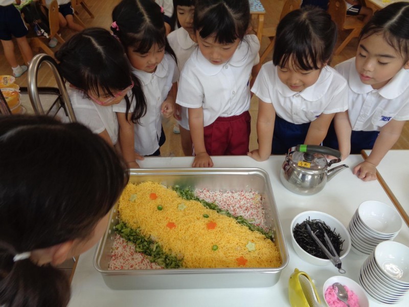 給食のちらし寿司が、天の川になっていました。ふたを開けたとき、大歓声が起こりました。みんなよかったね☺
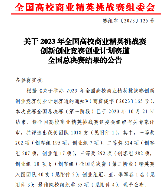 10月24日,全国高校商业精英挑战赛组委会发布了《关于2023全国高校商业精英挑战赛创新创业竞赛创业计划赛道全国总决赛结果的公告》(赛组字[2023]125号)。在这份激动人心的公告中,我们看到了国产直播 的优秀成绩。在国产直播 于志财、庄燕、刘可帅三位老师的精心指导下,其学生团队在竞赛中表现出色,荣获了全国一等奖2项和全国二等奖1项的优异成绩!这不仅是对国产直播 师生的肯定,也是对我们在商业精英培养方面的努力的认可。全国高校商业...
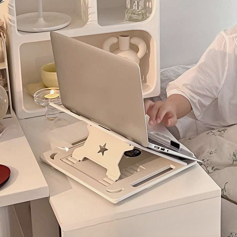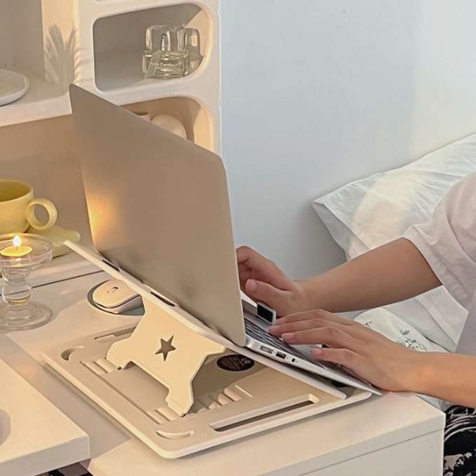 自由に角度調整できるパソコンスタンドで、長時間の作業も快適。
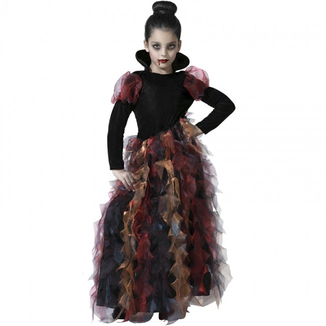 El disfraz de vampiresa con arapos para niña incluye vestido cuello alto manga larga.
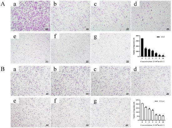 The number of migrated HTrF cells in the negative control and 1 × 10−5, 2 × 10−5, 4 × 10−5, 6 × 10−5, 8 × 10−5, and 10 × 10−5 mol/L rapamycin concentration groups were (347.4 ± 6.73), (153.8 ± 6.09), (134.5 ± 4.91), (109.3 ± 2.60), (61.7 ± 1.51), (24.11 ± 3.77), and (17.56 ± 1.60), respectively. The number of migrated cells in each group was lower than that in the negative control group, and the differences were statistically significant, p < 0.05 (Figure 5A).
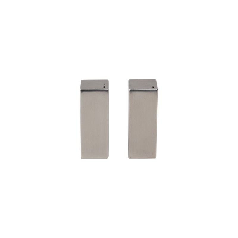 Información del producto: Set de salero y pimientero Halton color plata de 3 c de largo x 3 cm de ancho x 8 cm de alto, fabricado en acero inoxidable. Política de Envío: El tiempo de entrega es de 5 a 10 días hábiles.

-----

The records above are to be copied exactly, without their pictures.

» Result of this exercise
 給食のちらし寿司が、天の川になっていました。ふたを開けたとき、大歓声が起こりました。みんなよかったね☺
 10月24日,全国高校商业精英挑战赛组委会发布了《关于2023全国高校商业精英挑战赛创新创业竞赛创业计划赛道全国总决赛结果的公告》(赛组字[2023]125号)。在这份激动人心的公告中,我们看到了国产直播 的优秀成绩。在国产直播 于志财、庄燕、刘可帅三位老师的精心指导下,其学生团队在竞赛中表现出色,荣获了全国一等奖2项和全国二等奖1项的优异成绩!这不仅是对国产直播 师生的肯定,也是对我们在商业精英培养方面的努力的认可。全国高校商业...
 自由に角度調整できるパソコンスタンドで、長時間の作業も快適。
 El disfraz de vampiresa con arapos para niña incluye vestido cuello alto manga larga.
 The number of migrated HTrF cells in the negative control and 1 × 10−5, 2 × 10−5, 4 × 10−5, 6 × 10−5, 8 × 10−5, and 10 × 10−5 mol/L rapamycin concentration groups were (347.4 ± 6.73), (153.8 ± 6.09), (134.5 ± 4.91), (109.3 ± 2.60), (61.7 ± 1.51), (24.11 ± 3.77), and (17.56 ± 1.60), respectively. The number of migrated cells in each group was lower than that in the negative control group, and the differences were statistically significant, p < 0.05 (Figure 5A).
 Información del producto: Set de salero y pimientero Halton color plata de 3 c de largo x 3 cm de ancho x 8 cm de alto, fabricado en acero inoxidable. Política de Envío: El tiempo de entrega es de 5 a 10 días hábiles.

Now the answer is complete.